Scientists from CSIRO, supported by the Royal Australian Air Force, observed radio waves emitted from the Sun at the Collaroy Plateau air and sea defence radar station during WWII.

The first successful radio astronomy observation in Australia took place on 3 October 1945. Scientists from the Council for Scientific and Industrial Research (CSIR, later CSIRO), supported by the Royal Australian Air Force (RAAF), began a program to observe radio waves emitted from the Sun using equipment which had been installed at the Collaroy Plateau air and sea defence radar station during WWII. The detection on 3 October of intense radio emission coming from the Sun marked the birth of radio astronomy in Australia.

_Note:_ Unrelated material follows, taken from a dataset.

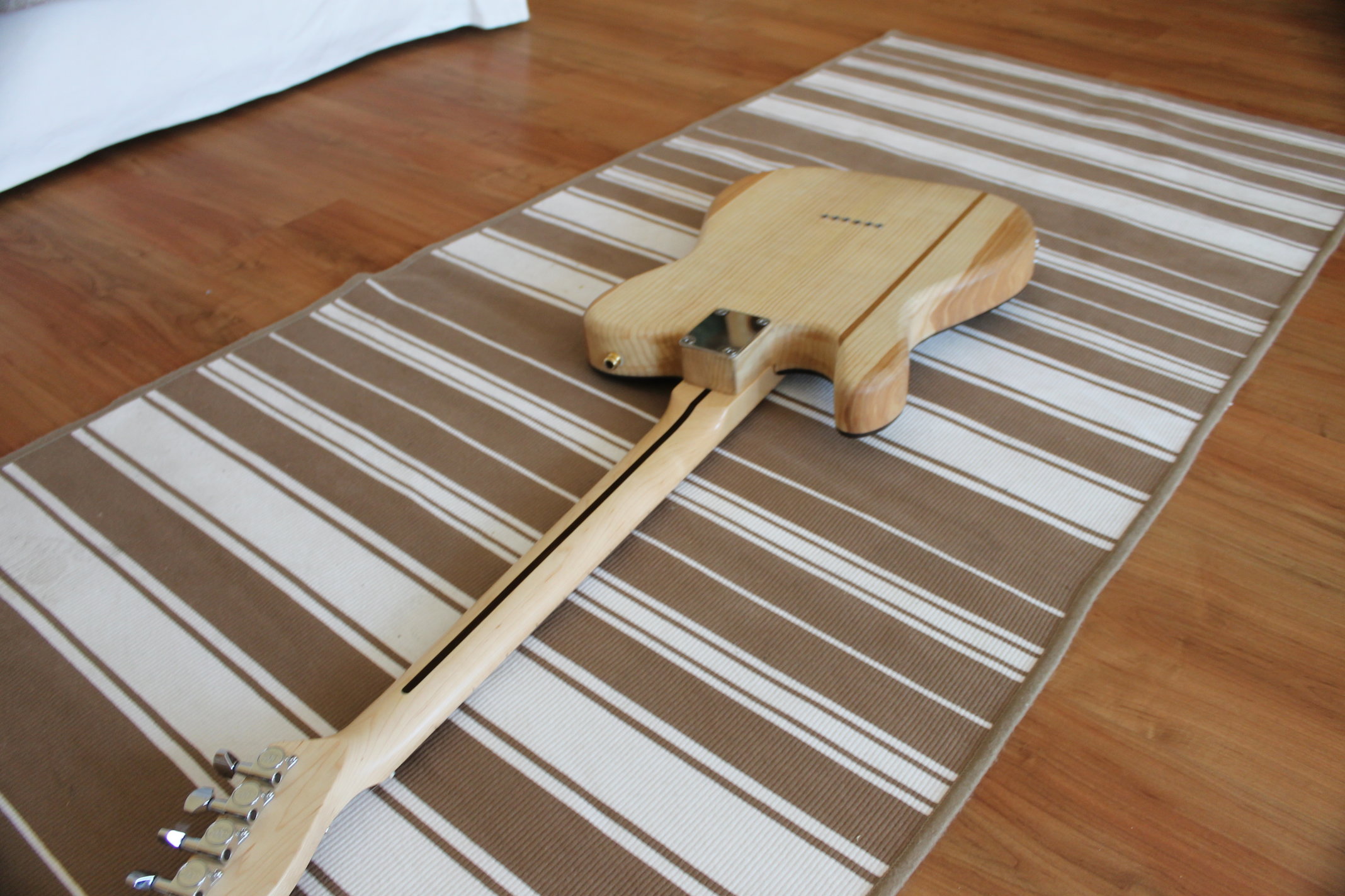 Podstrunnica faktycznie jest klejona, ale to nie jest mój wymysł. Z braku narzędzi byłem zmuszony kupię gotowy. Na to się przekłada równieżĂ płytka z logo na główce. Co do olejowania, to gitara była pokrywana dwa razy olejem bona oil, a po kilku dniach od położenia drógiej warztwy została zapolerowana. Olej nakładany bawełnianę szmatkę.

The radar station at Collaroy Plateau

Secret research into the development of radar for defence purposes was first shared with Australia by the British in 1939 at the outset of WWII. Provided with this critical information, the Australian Government allocated 80,000 pounds for the CSIR to establish a radar research facility that would develop radar defence systems for Australia.

The CSIR Division of Radiophysics was formed in 1940 to develop this top-secret technology. For security purposes the Radiophysics Laboratory was co-located with the CSIR National Standards Laboratory in what is now the Madsen building in the grounds of the University of Sydney. The first CSIR staff moved into the new facility in March 1940. By the end of the war, the Division employed over 60 scientists and had developed more than 20 different types of radar systems. The CSIR became the Commonwealth Science and Industrial Research Organisation (CSIRO) in 1949.

Wartime shortages and its isolation meant that the Australians had to develop much of the technology themselves rather than just ordering equipment from the UK or US. In many cases, the radar systems designed by the Division of Radiophysics were manufactured by the NSW Government Railways workshops.

How does radar work?

Radar works either by sending out a pulse of radio waves and then detecting the signals that bounce back from objects (for example ships, or aircraft) that are in the path of the wave (Figure 1), or by sending out a continuous wave signal and monitoring the doppler shifts of the returned signals. In pulse radar, the time taken to send and receive a reflected signal is used to determine the distance to the object. Radar can operate during day or night, through cloud, fog or rain.

Graphic showing how radar works

Figure 1 – Radar works by sending out a pulse of radio waves and then listening for the signals that are reflected from objects (i.e. ships or aircraft) in the path of the wave.

In 1940 Australia was concerned about enemy attacks from the sea. ‘Shore Defence’ radar systems were installed along the coast (in all states) to warn of approaching ships. Following the Japanese air raid on Pearl Harbour on 7 December 1941, it was realised that Australia would also be vulnerable to air attack, so an urgent program to develop air warning radar was established. Australia’s vulnerability to air attack was demonstrated by the Japanese air raid on Darwin on 19 February 1942. The Radiophysics team quickly developed a modified prototype version based of the existing shore defence radar at Dover Heights. From this prototype, many variants were produced culminating in the highly successful Australian designed Light Weight Air Warning radar (LW/AW). This was not only light-weight to allow air transportation, but also was designed so that its structure and electronics would function effectively in the humid tropical environment of the South-West Pacific Theatre of War.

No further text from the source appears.